[Form 4] UL Solutions Inc. Insider Trading Activity
Insider acquisition of dividend equivalent rights on restricted stock units — Karen K. Pepping, Senior Vice President & CAO of UL Solutions Inc. (ULS), reported acquisitions on Form 4 dated 09/08/2025 and filed 09/10/2025. The filings show dividend equivalent rights accrued on restricted stock units were treated as acquisitions at $0 per share and increased the Reporting Person's beneficial ownership. Following the transactions, the Reporting Person's beneficial ownership counts are 1,456 and 1,300 shares attributable to two separate groups of restricted stock units. The filing explains these dividend equivalents vest proportionately with the underlying restricted stock units, which vest in three equal installments on the anniversaries of May 1, 2024 and April 1, 2025 respectively.
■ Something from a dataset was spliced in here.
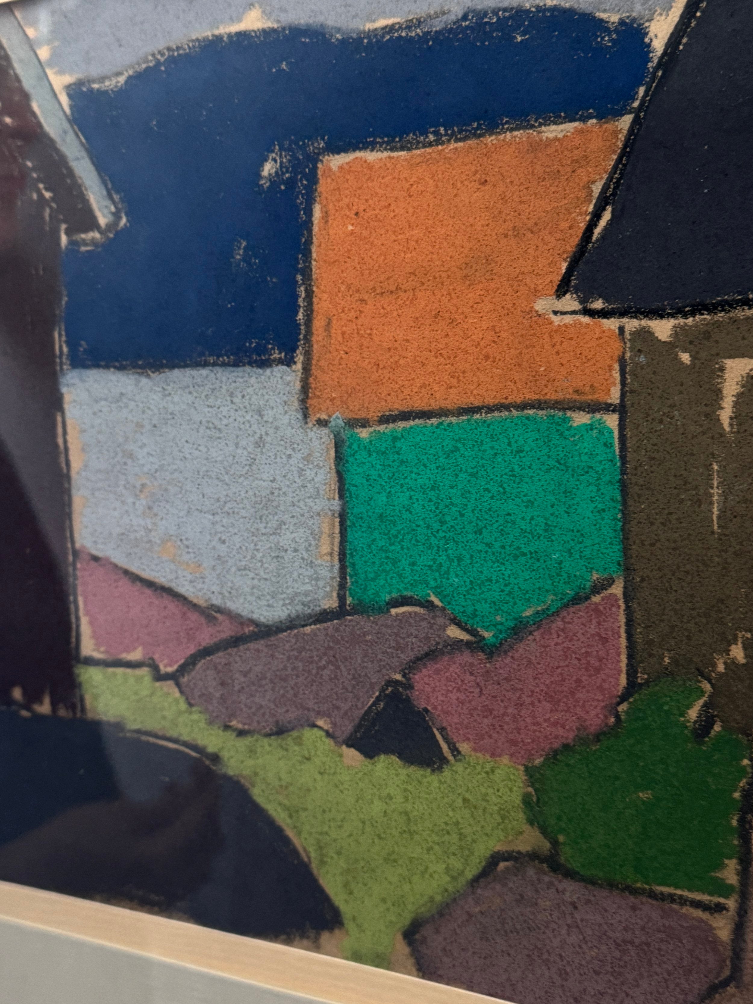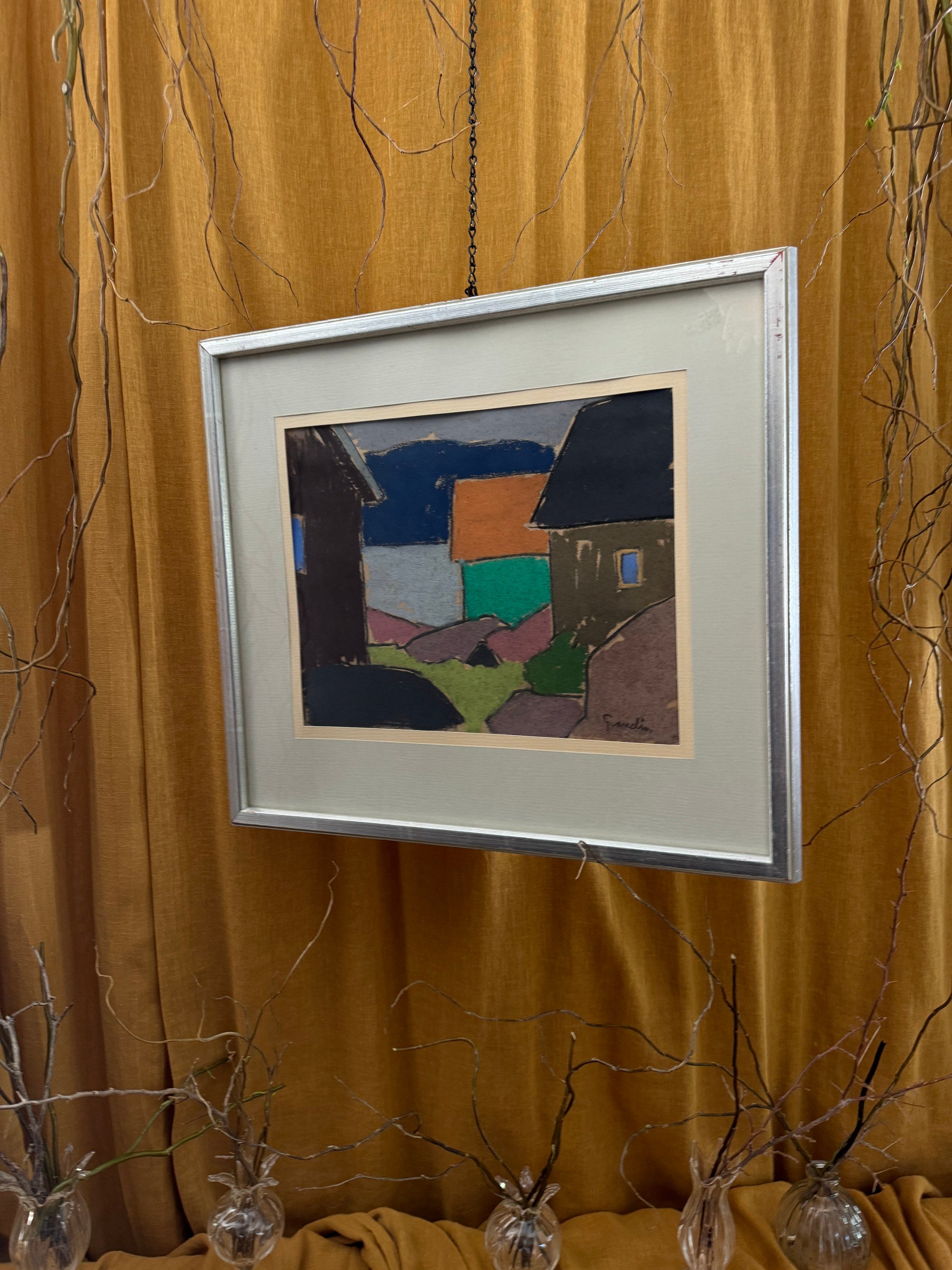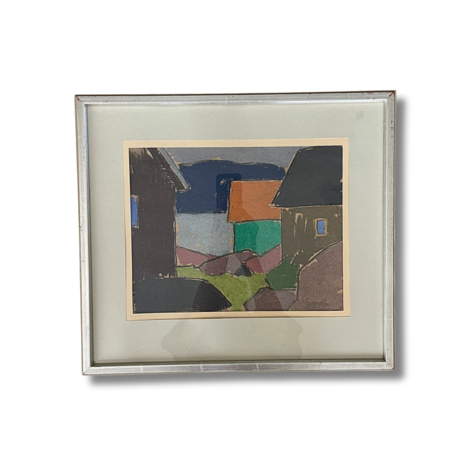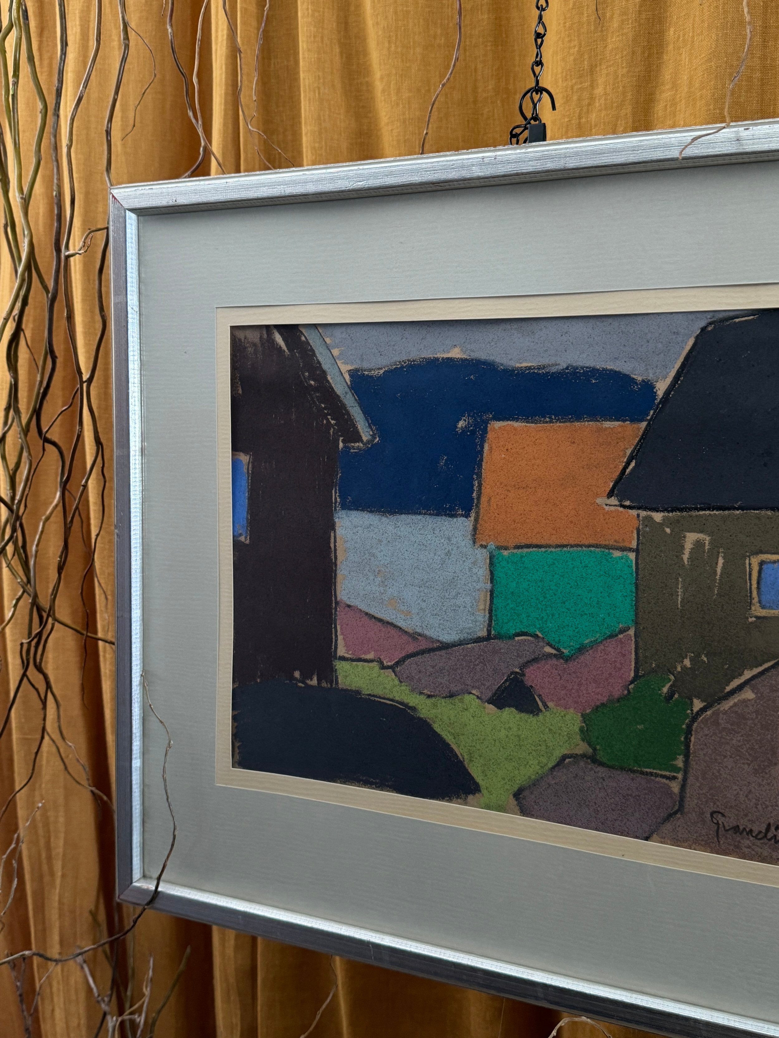 This oil pastel exemplifies Swedish midcentury modernism, featuring a stylized landscape or architectural abstraction with simplified, blocky forms. The piece showcases a harmonious use of muted, earthy tones alongside brighter accents like teal and orange, reflecting the Scandinavian approach to capturing natural light and seasonal color contrasts. The composition’s geometric elements, such as the intersecting lines of buildings and the angular shapes of rocks or hills, echo the midcentury focus on form and structure. The flattened perspective and bold, contrasting shapes suggest influences from the color field and abstract expressionist movements, common in Swedish modern art of the 1950s and 1960s. The original artwork’s frame, with its sleek, minimalist design, complements the era's aesthetic.
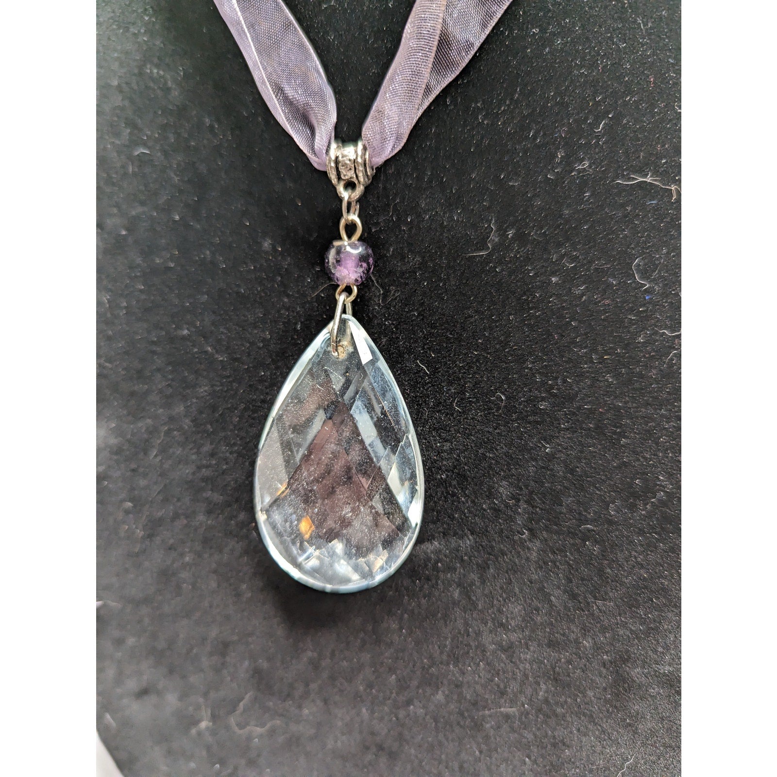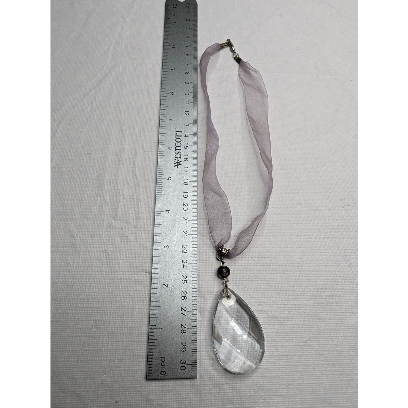 Vintage 1990s Teardrop Style Light Purple Pendant Necklace Ribbon

The Form 4 was signed by an attorney-in-fact on behalf of the reporting person.
- Insider acquisition reported: Dividend equivalent rights accrued on RSUs were recorded as acquisitions, increasing reported beneficial ownership to 1,456 and 1,300 shares respectively.
- Clear vesting disclosure: The filing explains that dividend equivalents vest proportionately with the underlying RSUs in three equal installments on the stated anniversaries.
- None.
Insights
TL;DR: Insider accrued dividend-equivalent rights on RSUs, increasing reported beneficial ownership; no sales or cash transactions reported.
The Form 4 discloses non-derivative acquisitions of dividend equivalent rights tied to restricted stock units for the CAO. These were recorded as acquisitions at no cash price, consistent with accrual of dividend equivalents rather than open-market purchases. The positions reported are relatively small single-line holdings (1,456 and 1,300 shares) and vest with the underlying RSUs on scheduled anniversaries, indicating compensation-related vesting mechanics rather than opportunistic trading. Because there are no reported disposals or cash proceeds, the filing represents routine insider compensation vesting activity.
TL;DR: Governance-normal disclosure of accrued dividend equivalents on RSUs; vesting schedule and accrual treatment are explicitly described.
The Form 4 identifies the reporting person as an officer (Senior VP & CAO) and discloses that dividend equivalent rights accrued on two sets of restricted stock units vest proportionately with the underlying awards and were recorded on 09/08/2025. The filing includes clear explanations of vesting timing (three equal installments following specified grant anniversaries) and confirms the acquisitions are non-cash dividend equivalent accruals. This is standard for executive equity compensation and complies with Section 16 reporting requirements; no governance red flags, such as related-party transfers or unexplained exemptions, are evident from the disclosed text.